The Lazarus Effect
1 Waffles!

The Lazarus Effect does have one redeeming quality. It ends quickly.

Olivia Wilde and Mark Duplass star as Zoe and Frank – two medical researchers who may have made a discovery that can change life as we know it. Along with Clay (Evan Peters) and Niko (Donald Glover), the team has been experimenting with ways to bring the dead back to life, and Eva (Sarah Bolger) has been filming it all (thankfully, this does not become another found footage movie).

Rocky The Dog (Cato) receives the first successful injection of a special serum the gang has developed, and it brings this pooch back from Doggie Heaven!

Over the next few days, as they monitor Rocky, everyone has to agree that dog ain’t right.

He has no interest in eating.

He blankly stares into space with a listlessness reminiscent of a teenager on a Saturday morning.

Then, out of nowhere, Rocky gets all aggressive and angry (also, like a teenager on a Saturday morning).

Zoe and Frank are forced to replicate the experiment when all of their data and video footage is taken by the corporation funding the study, and even Rocky knows this is a bad idea. During the attempt, Zoe dies in a lab accident, and Frank, who is engaged to this luscious lab partner, decides they must use the serum to bring her back to life.

Uh-oh.

If they just injected me with Diet Pepsi instead of the serum, maybe I could spring back to life, too!

Somewhere in the middle of this mess you might find an interesting movie, but director David Gelb along with writers Luke Dawson and Jeremy Slater weren’t able to put it on the screen. None of them seem very interested in telling a coherent, logical story in The Lazarus Effect. Just because this is some sort of horror/fantasy movie doesn’t mean they can just chuck common sense to the wind, but they try anyway.
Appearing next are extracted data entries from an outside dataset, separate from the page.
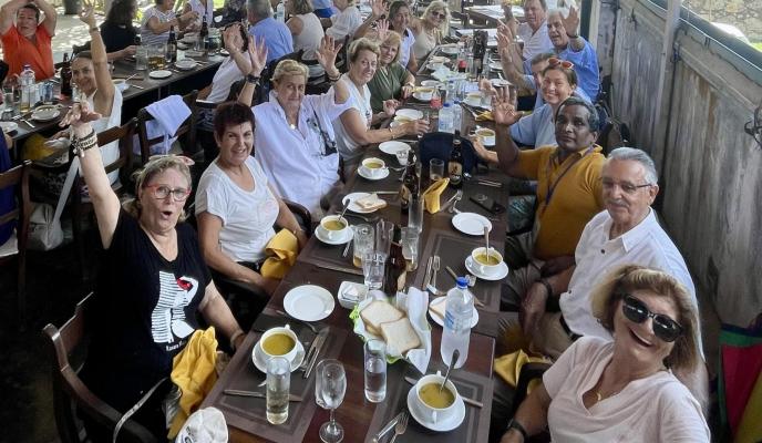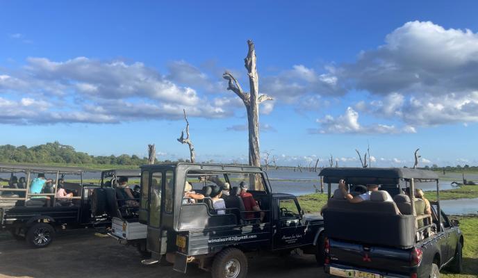 La última parte del viaje todavía aguardaba algunas sorpresas con un radical cambio de escenario al sur de la isla: el Parque Nacional Udawalawe, un espacio creado para albergar los elefantes desplazados a causa de la construcción de un embalse cercano. La visita se realizó en jeeps que atraviesan una sabana semidesértica, contemplando manadas de elefantes, cocodrilos, iguanas, búfalos de agua, pavos reales, entre otros animales. Todo un obsequio visual para los suscriptores, que también pudieron presenciar la hora del desayuno de las crías huérfanas de elefantes en el cercano Elephant Transit Home.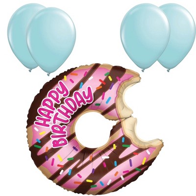 LoonBalloon 28 Inch Donut Birthday Balloon with 4 latex balloons- Sweet & Festive
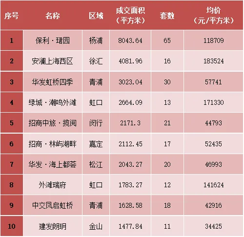 上海商品住宅成交TOP10(2026.4.6-2026.4.12)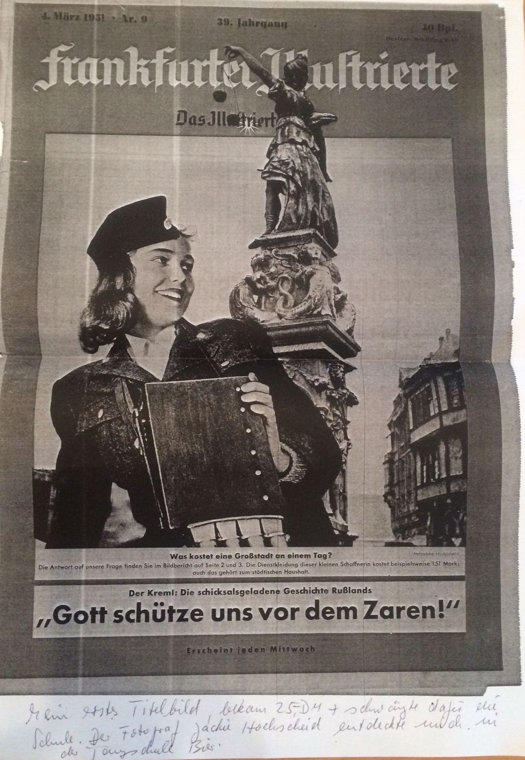 Wie ihre Erinnerungen an die Tanzschule Bier, wo man sie für die ersten Modeaufnahmen entdeckte: „In der Tanzschule Bier konnte man sonntags für eine Mark drei Stunden tanzen. Meine Mutter hat mir das erlaubt, sie war sehr großzügig. Dann kam eines Tages ein Fotograf einer Frankfurter Illustrierten und machte Fotos wie wir tanzten. Er fragte mich, ob ich Zeit hätte, es sollte eine Schaffnerin fotografiert werden, ich sollte 25 Mark dafür bekommen. Also wurde ich dort in Frankfurt unter der Waage der Justitia fotografiert – die Uniform der Schaffnerin war mir viel zu groß und wurde ausgestopft.“

Once Zoe is brought back to life, Gelb and company seem more interested in stuff happening, rather than developing logical plot advancements. They would rather present some gruesome way of killing off each person in the lab rather than think this through and give Zoe some reason why she wants to do this stuff or provide some rational expansion or explanation of her powers.
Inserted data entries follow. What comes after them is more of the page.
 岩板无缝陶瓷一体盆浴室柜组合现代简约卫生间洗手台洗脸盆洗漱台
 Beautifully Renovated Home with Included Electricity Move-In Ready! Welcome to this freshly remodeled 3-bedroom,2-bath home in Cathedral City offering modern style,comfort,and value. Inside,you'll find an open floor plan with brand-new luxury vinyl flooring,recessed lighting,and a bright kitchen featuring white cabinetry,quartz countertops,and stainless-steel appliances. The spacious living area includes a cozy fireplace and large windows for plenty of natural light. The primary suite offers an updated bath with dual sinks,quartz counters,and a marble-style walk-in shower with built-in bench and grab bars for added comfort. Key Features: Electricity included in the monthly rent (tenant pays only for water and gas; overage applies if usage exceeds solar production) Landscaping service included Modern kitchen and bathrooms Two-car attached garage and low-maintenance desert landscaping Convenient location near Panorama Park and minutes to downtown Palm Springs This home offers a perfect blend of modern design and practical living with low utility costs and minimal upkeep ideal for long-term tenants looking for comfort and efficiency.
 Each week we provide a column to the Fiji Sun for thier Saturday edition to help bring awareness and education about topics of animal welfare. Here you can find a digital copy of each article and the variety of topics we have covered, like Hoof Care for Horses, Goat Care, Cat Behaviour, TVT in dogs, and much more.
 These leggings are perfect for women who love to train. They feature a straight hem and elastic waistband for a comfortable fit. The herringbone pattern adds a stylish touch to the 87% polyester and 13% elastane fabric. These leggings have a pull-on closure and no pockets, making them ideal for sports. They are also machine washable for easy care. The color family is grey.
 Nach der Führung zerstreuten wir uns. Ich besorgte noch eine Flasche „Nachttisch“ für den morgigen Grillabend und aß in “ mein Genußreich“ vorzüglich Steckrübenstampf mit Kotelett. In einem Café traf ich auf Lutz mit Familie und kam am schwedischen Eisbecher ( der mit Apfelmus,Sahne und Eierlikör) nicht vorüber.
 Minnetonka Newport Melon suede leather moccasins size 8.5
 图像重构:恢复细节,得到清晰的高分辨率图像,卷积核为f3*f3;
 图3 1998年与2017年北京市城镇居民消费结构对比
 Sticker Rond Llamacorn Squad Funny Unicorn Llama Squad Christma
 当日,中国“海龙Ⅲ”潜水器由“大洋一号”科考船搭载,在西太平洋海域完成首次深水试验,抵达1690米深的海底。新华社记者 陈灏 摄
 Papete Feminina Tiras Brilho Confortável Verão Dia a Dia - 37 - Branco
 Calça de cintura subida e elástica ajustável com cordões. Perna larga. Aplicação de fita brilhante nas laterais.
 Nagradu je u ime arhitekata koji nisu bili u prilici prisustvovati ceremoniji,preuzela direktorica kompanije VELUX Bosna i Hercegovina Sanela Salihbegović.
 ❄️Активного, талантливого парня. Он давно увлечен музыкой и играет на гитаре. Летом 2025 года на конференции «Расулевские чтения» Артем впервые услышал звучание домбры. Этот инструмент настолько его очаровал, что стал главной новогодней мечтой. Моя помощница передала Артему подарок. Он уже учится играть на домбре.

She doesn’t evolve. Zoe just starts doing all sorts of freaky stuff to each person because Gelb and company know stuff has to happen, so they make stuff happen. If the creative team behind this one thinks it will look super cool on screen, it’s going to happen, whether it makes sense or not.

Wilde, Duplass, Peters, and Glover roll with the punches and make The Lazarus Effect palatable with their ability to derive a laugh here and there or display the correct amount of fear when they are in danger. Even Sarah Bolger is game as the damsel in distress, even though we don’t need a damsel in distress. We already have three dudes, and they appear to be in enough distress for everyone.

No serum can save The Lazarus Effect.

The Lazarus Effect is rated PG-13 for intense sequences of horror violence, terror and some sexual references.